Yep, the economy's in the toilet and headed further south--where that final destination is, we can only guess. (Tierra del Fuego? Tampa?)

Everyone's getting desperate--here at TCC we're stopping all deliveries of Costco cheese crackers --but car dealers are the worst off, so far as we can tell. From giving away free schwag like oil changes and extended warranties, the truly desperate car dealers out there are doing everything they can to move sheetmetal off the lots.

That includes lots of advertising. Say what you will, but the niche of local car ads on TV is one of the most, uh, creative. Talking badgers. Rapping genies. Horrifically low-budget knockoffs of Joe Pesci movies. It's a subgenre that can make you laugh and puke all at the same time. Just like any script with Roger Ebert attached.

With Imodium in hand, we scoured YouTube for the most desperate car ads of all time. We think we nailed it, somewhere between the "butt in the car" jam found below and the wretched Spike Lee Jaguar X-Type that was so silly and so not Do the Right Thing, we couldn't even include it here.
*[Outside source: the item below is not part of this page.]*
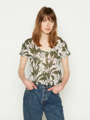 T-shirt en lin vert et blanc à imprimé floral de Monoprix
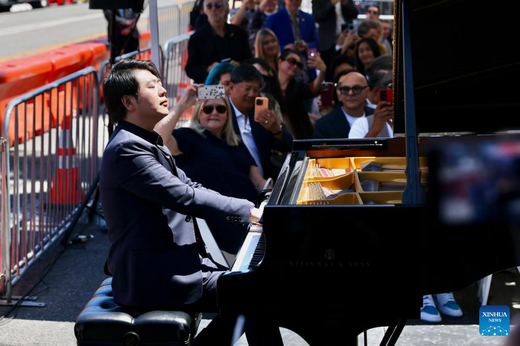 O pianista chinês Lang Lang se apresenta em sua cerimônia na Calçada da Fama de Hollywood em Los Angeles, Califórnia, Estados Unidos, em 10 de abril de 2024. O pianista chinês Lang Lang ganhou nesta quarta-feira uma estrela na Calçada da Fama de Hollywood em Los Angeles, na categoria de performance ao vivo. (Xinhua)

For your mostly work-safe fun today, here are some of the worst, most desperate car ads we found:

It's an auto price fight at Hartford Toyota. Couldn't these guys be a little more UFC? Leila Ali would rope these dopes with one glove.

From Auto Connection in Colorado--hey, you know, there's such a thing as trademarks.

This one's a little plotty, but the wardrobe and thematic motifs are clearly No Country for Old Men. Or Twins:

Here we present Dave Campo, used car "evangelist"--a hyperreal blend of the stereotypical Silicon Valley "evangelist" as much as he's a rogue Baptist church preacher hopped up on adrenalin.

Hip hop rules. Doesn't it? It still does. Not sure how that applies here.

Butt In The Car. You can't put it any better. Don't even try.

Nothing to do with that Apple. Nothing. Except the intuitive user interface, and execs wearing women's clothes:

Okay, this one's for car insurance. So what? Isn't it fromage facile of the highest order?

Holler Mitsubishi: It's not just a name, it's an ethos. You'd scream too if you had Monteros to unload:

Again with the hip hop, which descends here on Pontiac--just a few years too late.

MagicHugs are offered, but we didn't accept. (Warning: fake commercial).

TDM Auto Sales: The commercial's anything but tedium, despite the assonance.

Badgers: good for sports mascots, but for car sales? Don't they eat the wood trim?

And one truly great car dealer ad. We all need a trunk monkey, don't we?